Peggy’s Cheese Scones

From “Biscuits and Scones” By Elizabeth Alston (1988)

Makes 12 scones

1 1/2 cups all-purpose flour

1 1/2 teaspoons cream of tartar (see note)

1/2 teaspoon baking soda (see note)

1 teaspoon dry mustard

1/2 teaspoon salt

4 tablespoons (1/2 stick) cold unsalted butter or margarine (Peggy uses margarine), cut up

1 cup (4 ounces) shredded sharp Cheddar cheese

2 tablespoons grated Parmesan cheese

1 large egg

1/2 cup milk

Heat oven to 400º F. Put flour, cream of tartar, baking soda, dry mustard and salt into a large bowl; mix well.

Add butter and cut in with a pastry blender or rub in with your fingers, until the mixture looks like fine granules. Add cheeses and toss to mix.

Break egg into milk and beat with a fork to blend well. Pour this over flour mixture and stir with a fork until a dough forms.

Turn out dough onto a lightly floured board and give 10 to 12 kneads. Cut dough in half. Knead each half briefly into a ball, turn smooth side up, and pat or roll into a 6-inch circle. Cut each circle into 6 wedges. Place on an ungreased cookie sheet.

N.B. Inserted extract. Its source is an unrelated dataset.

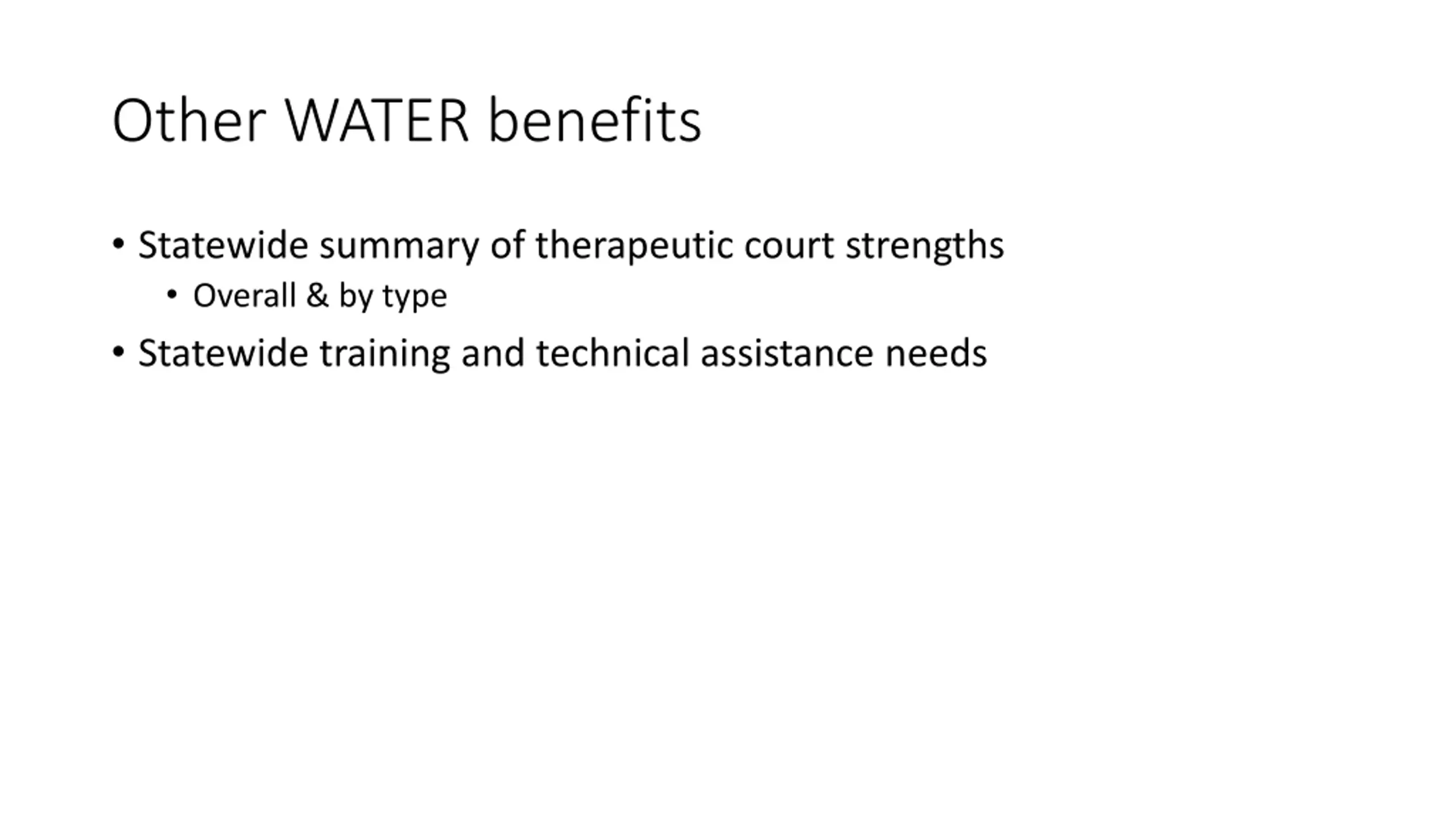 Other WATER benefits Statewide summary of therapeutic court strengths Overall & by type Statewide training and technical assistance needs

Bake 12 to 15 minutes, or until medium brown. Cool, loosely wrapped in a dish towel, on a wire rack.

Note: Instead of the cream of tartar and baking soda, you can use 1 1/2 teaspoons baking powder.

Blogger’s Note: For a rosemary variation, toss in 1 tablespoon finely chopped fresh rosemary with the cheeses. To give the sones garlic flavor, add 1/2 teaspoon garlic powder to the dry ingredients.